Thabit ibn Qurra
826 CE–901 CE · Baghdad
Thabit ibn Qurra (Abu al-Hasan Thabit ibn Qurra al-Harrani) was a mathematician, astronomer and physician active in the ninth-century Abbasid world. He belonged to the Sabians of Harran (al-Sabi'a) — a Hellenized, star-venerating community of Upper Mesopotamia, distinct from Islam, that prized Greek learning. He was not a Muslim. His first language was Syriac, and he also commanded Greek and Arabic, which made him an ideal bridge between the Greek scientific heritage and the Arabic-reading scholars of Baghdad.

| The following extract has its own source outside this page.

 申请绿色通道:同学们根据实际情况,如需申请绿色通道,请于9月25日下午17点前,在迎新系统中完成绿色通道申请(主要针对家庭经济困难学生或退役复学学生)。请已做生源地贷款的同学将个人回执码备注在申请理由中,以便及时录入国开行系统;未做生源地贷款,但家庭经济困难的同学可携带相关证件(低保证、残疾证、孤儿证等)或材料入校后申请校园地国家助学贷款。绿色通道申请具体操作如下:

Tradition reports that as a young man he worked as a money-changer in Harran, though some historians doubt this detail. According to the standard accounts, Muhammad ibn Musa — one of the Banu Musa brothers, wealthy patrons of science — passed through Harran, recognized his gifts, and brought him to Baghdad. There he joined and later helped lead a circle of translators, rendering and revising works of Euclid, Archimedes, Apollonius, Ptolemy and others, and producing original studies in geometry, number theory (including amicable numbers), astronomy and statics.

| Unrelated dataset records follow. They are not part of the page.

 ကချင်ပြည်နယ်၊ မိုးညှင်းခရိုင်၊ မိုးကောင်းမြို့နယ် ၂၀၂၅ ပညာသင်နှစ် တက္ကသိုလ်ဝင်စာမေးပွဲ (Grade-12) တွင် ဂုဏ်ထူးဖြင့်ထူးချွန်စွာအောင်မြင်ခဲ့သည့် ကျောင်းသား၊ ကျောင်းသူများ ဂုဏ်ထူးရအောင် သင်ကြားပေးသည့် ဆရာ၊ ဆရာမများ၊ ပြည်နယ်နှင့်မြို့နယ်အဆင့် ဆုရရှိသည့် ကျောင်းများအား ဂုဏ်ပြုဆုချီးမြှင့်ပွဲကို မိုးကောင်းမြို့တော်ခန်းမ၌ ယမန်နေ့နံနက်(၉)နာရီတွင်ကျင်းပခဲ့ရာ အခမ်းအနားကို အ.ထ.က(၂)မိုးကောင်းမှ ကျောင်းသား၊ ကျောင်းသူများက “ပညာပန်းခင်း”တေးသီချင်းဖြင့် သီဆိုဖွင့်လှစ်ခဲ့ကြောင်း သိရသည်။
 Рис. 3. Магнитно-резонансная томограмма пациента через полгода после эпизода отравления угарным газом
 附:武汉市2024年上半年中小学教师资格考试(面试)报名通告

Some biographers add that he returned to Harran, clashed with his own community over his views, was made to recant, and then left for Baghdad; this episode is reported in tradition rather than firmly attested. In Baghdad he enjoyed the patronage of the caliph al-Mu'tadid (reigned 892-902). He died in Baghdad in 901 CE (Safar 288 AH); the sources record the exact day variously as 18 or 19 February. His son Sinan and grandson Ibrahim ibn Sinan continued his scientific line.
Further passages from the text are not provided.